Keeping marketing human means your core story is never about you, your technology, or your products and services. As Tony Hsieh, CEO of Zappos, states, you must think bigger than what you do. In the case of Zappos, Hsieh knows the shoes his company sells are incidental. Hsieh maintains that Zappos delivers “happiness.” That’s a tall order; and yet, by any standard, Zappos has one of the best customer service records around. *That’s* credibility.

At a conference I spoke at in September, I met one of the heads of Zappos’ customer service department from Henderson, Nevada. A warm, funny, and customer-service oriented character herself, Vanessa told me all about Zappos’ most famous customer service call – it lasted 8 hours (with a few breaks in between). Now *that* is commitment and something more meaningful than delivering shoes.

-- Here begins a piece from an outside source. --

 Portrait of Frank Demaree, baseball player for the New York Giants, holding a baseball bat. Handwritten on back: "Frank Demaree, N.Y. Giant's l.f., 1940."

So where do you start honing your core story? Start by understanding what your offerings are really about – it’s never about the products themselves. What do your products help people do? What human need is served? That is the most important question your story must answer.

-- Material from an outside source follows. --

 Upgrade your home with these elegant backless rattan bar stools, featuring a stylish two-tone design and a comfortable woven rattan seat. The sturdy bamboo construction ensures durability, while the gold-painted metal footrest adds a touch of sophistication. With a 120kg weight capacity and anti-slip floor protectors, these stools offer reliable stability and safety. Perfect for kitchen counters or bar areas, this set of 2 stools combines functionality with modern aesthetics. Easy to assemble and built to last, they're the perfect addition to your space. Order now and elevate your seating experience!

Deconstructing a recent example and re-creating it with a more human slant will illustrate the point. I met a company fairly recently in the biotech space that puts together conferences. All of its messaging focused on conferences. It turns out the conference business wasn’t doing that well because people aren’t necessarily excited about getting marketing messages to come to a conference. Big shock! I pressed the CEO a little further, and discovered that at some of these conferences, a number of start-ups were funded because they met the right investors.

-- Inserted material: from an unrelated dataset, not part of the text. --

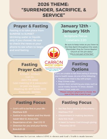 We have Bible Study every Tuesday night at 7:00 pm. You can join us for Bible Study online; we broadcast on our Facebook page (@Carronbaptistchurchdc)

A-ha! The human need isn’t for your conference. What attendees really care about is the chance to get their stories told and attract potential investor funding. The company wasn’t in the conference business; it was in the investor facilitation business. *That* is what attendees care about. This company needs to tell the success stories of start-ups that have been funded at their conferences. Through this lens, its own story of being a funding facilitator is credibly strengthened.

A conference company has lots of competition; a company that facilitates funding so dreams come true has a differentiated message in a crowded market. How much more compelling is it, then, to receive an invite to tell your story to investors who could bring your company to life, versus receiving an invite to yet one more conference?! It’s the difference between pushing products and communicating a higher human purpose that pulls in the right target audience.

When you know your value and how it aligns with the most human needs of your audience, you understand how to tell this story across everything you do. Keep peeling back your messaging until you “hit” on the most urgent human challenge of your audience. It’s not your products and services. Consequently, your marketing messaging shouldn’t focus on them. Instead, tell the urgent story of customer need, and how you serve that need.

So how are you keeping your core story human? Let me know!